BEGIN DATA SHOWN
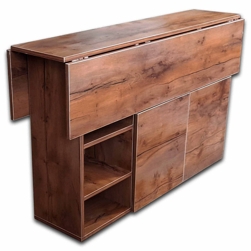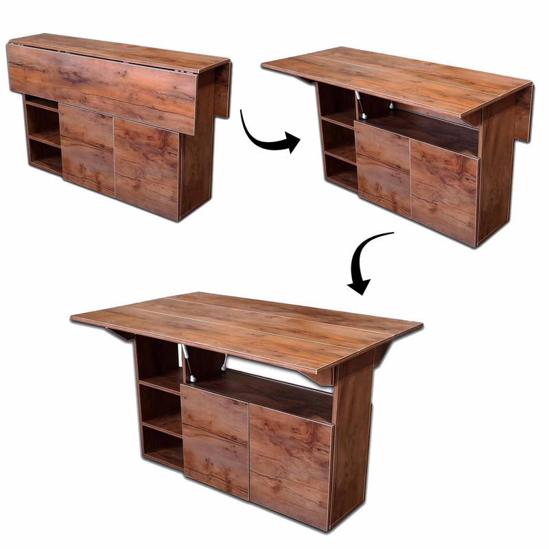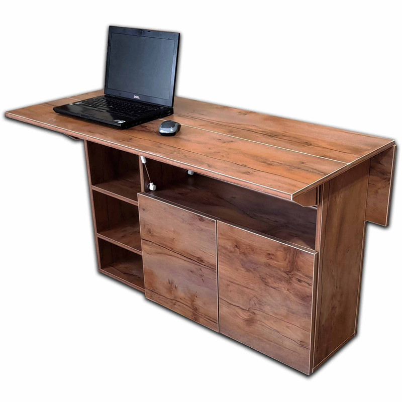 با اضافه شدن یک میز تحریر تاشو به خانه، علاوه بر اینکه شما می توانید از مزایای وجود یک میز میز تحریر لذت ببرید، با جمع کردن کامل آن در مواقعی که به آن نیاز ندارید می توانید فضای بصری بازتری را خلق کنید .این یک میز تحریر تاشو مجهز به صفحات تاشونده بوده که طراحی آن مدرن بوده و عملا در هنگام باز شدن میتواند از آن علاوه بر یک میز تحریر به عن میز ناهارخوری 4 نفره، میز طراحی و میز کامپیوتر ، میز خیاطی و غیره نیز استفاده کنید.این میز مجهز به 2 عدد جک 120 نیوتنی آرام باز شو و قدرتمند و همچنین پایه های تاشو برای قفل کردن صفحات باز شونده برای اطمینان و ایمنی و تحمل وزن بیشتر است که باز و بسته شدن و نگهداری صفحات دو طرف میز را به عهده دارند. دارای فضای کابینتی زیاد و جادار بوده که قادر به نگهداری کتاب و ظروف و وسایل بسیاریست.همچنین در زیر آن چرخهایی تعبیه شده که جابجایی آن را آسان مینماید.
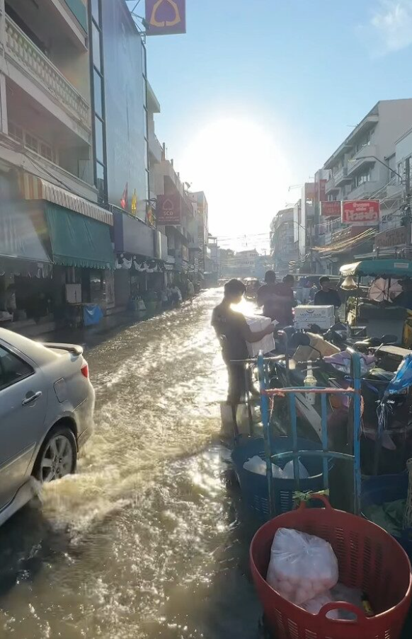 ฝั่งพระสมุทรเจดีย์ น้ำท่วมสูงบริเวณ ถนนสุขสวัสดิ์ ด้านข้าง โรงพยาบาลพระสมุทรเจดีย์, วงเวียนหอนาฬิกาพระสมุทรเจดีย์, ถนนคลองสรรพสามิตร, และ วัดเอี่ยมประชามิตร สถานการณ์น้ำท่วมสูงในหลายพื้นที่ได้ส่งผลกระทบต่อการสัญจรของประชาชนในจังหวัดสมุทรปราการอย่างหนัก ขอให้ผู้ใช้รถใช้ถนนเพิ่มความระมัดระวังและติดตามข่าวสารอย่างใกล้ชิด
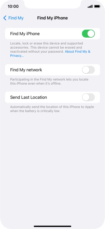 Select settings for Find My iPhone
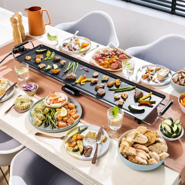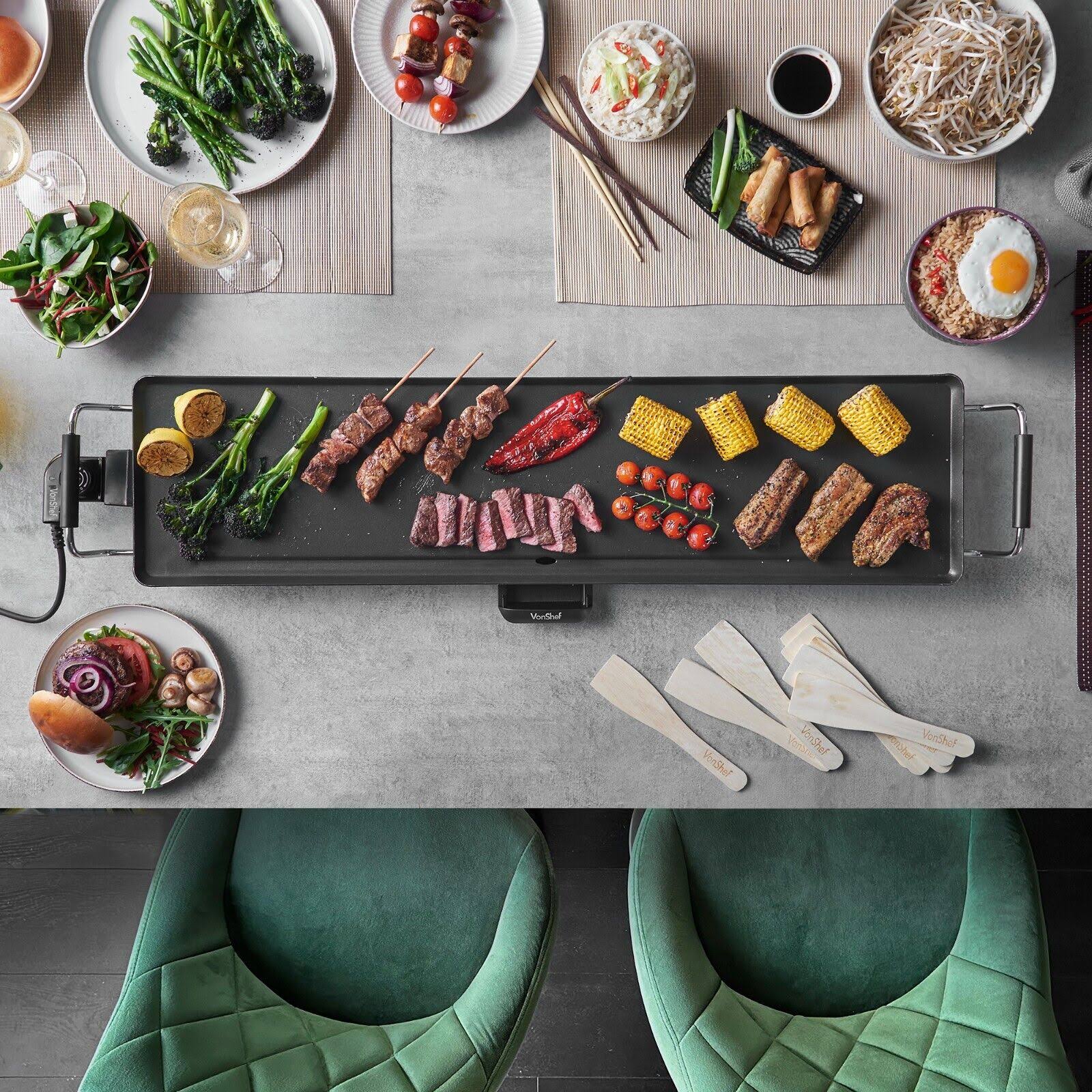 SERVEZ VOTRE CUISINE DIRECTEMENT À TABLE : Grâce au thermostat et au cordon détachable, vous pouvez servir la plaque Teppanyaki directement à table à la fin du processus de cuisson, permettant à vos convives de choisir parmi les différents plats fraîchement préparés.
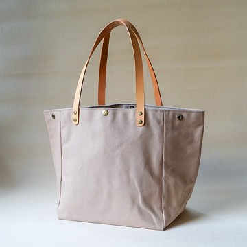 PinLe 日系無印風大容量多way手提托特帆布配真皮男女包-米白
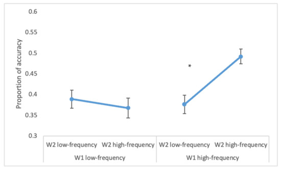 Figure 1. Experiment 1. W2 accuracy in the conditions of W1 and W2 low- and high-frequency. The figure represents the statistically significant interaction W1 frequency × W2 frequency. Bars represent standard errors. The asterisk (*) indicates statistically significant differences.
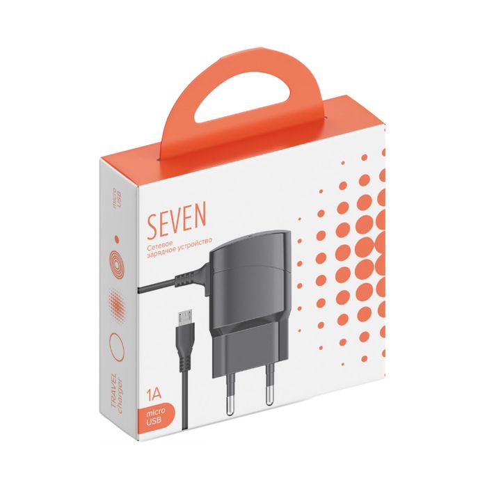 Зарядное устройство SEVEN, micro USB 1000 mA, черное
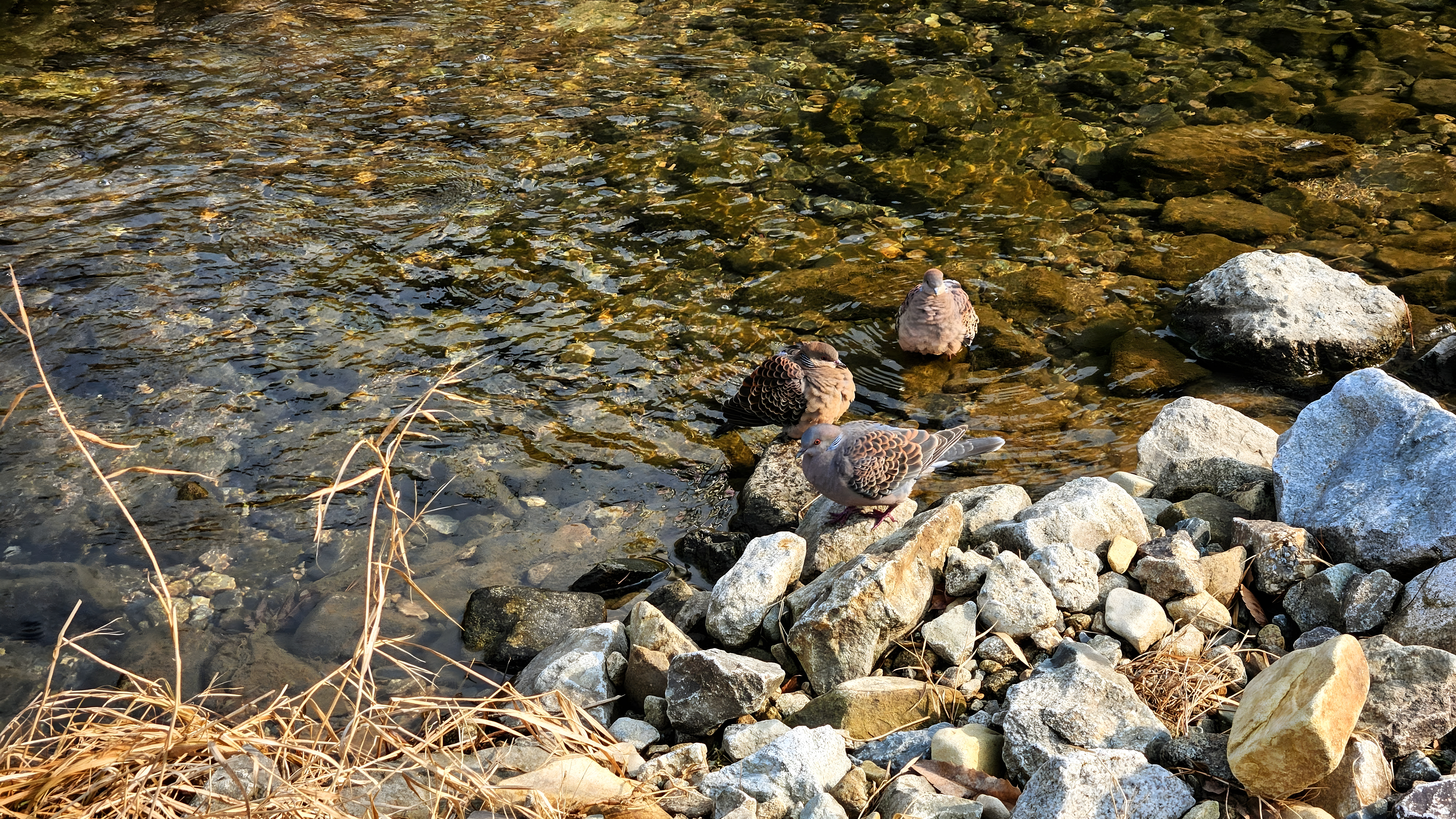 냇가에서 목욕하는 멧비둘기 무리 #냇물 #새 #비둘기 #멧비둘기 #바위 [원본: 해상도 = 8000x4500, 크기 = 13.3MiB]
END DATA SHOWN
**PROBLEM REQUIREMENTS:**
Please output the lines from the line that contains "PinLe 日系無印風大容量多way手提托特帆布配真皮男女包-米白" through the end of the records, both ends included, exactly and with no pictures.

**RESPONSE FOR THIS EXERCISE:**
 PinLe 日系無印風大容量多way手提托特帆布配真皮男女包-米白
 Figure 1. Experiment 1. W2 accuracy in the conditions of W1 and W2 low- and high-frequency. The figure represents the statistically significant interaction W1 frequency × W2 frequency. Bars represent standard errors. The asterisk (*) indicates statistically significant differences.
 Зарядное устройство SEVEN, micro USB 1000 mA, черное
 냇가에서 목욕하는 멧비둘기 무리 #냇물 #새 #비둘기 #멧비둘기 #바위 [원본: 해상도 = 8000x4500, 크기 = 13.3MiB]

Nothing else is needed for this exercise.